1) `schema`: A json string that user can provide in the yaml file itself. The codec parses schema object from this schema string.
2) `exclude_keys`: Those keys of the events that the user wants to exclude while converting them to avro records.

### Note:

1) User can provide only one schema at a time i.e. through either of the ways provided in codec config.
2) If the user wants the tags to be a part of the resultant Avro Data and has given `tagsTargetKey` in the config file, the user also has to modify the schema to accommodate the tags.

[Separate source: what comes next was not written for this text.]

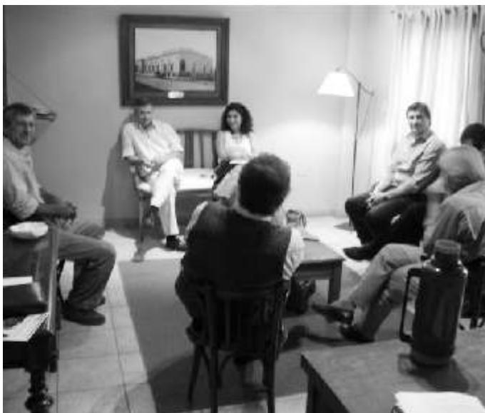
Clarín, La Nación y La C.D. del Centro de Comercio

Los visitantes se comprometieron y cumplieron en remitir abundante documentación al respecto y de nuestra parte se les ofreció la posibilidad de contar con nuestros salones en caso de querer ofrecer charlas explicativas a la comunidad y además la disposición de la C.D. en pleno de recibirlos para escuchar sus argumentos y evacuar dudas, estando previsto que esto último se concrete en breve.

Another field has to be provided in the `schema.json` file:

`{
"name": "yourTagsTargetKey",
"type": { "type": "array",
"items": "string"
}`
3) If the user doesn't provide any schema, the codec will auto-generate schema from the first event in the buffer.

## Developer Guide

This plugin is compatible with Java 11. See below

- [CONTRIBUTING](https://github.com/opensearch-project/data-prepper/blob/main/CONTRIBUTING.md)
- [monitoring](https://github.com/opensearch-project/data-prepper/blob/main/docs/monitoring.md)
See the [CONTRIBUTING](https://github.com/opensearch-project/data-prepper/blob/main/CONTRIBUTING.md) guide for general information on contributions.

The integration tests for this plugin do not run as part of the Data Prepper build.
They are included only with the S3 source or S3 sink for now.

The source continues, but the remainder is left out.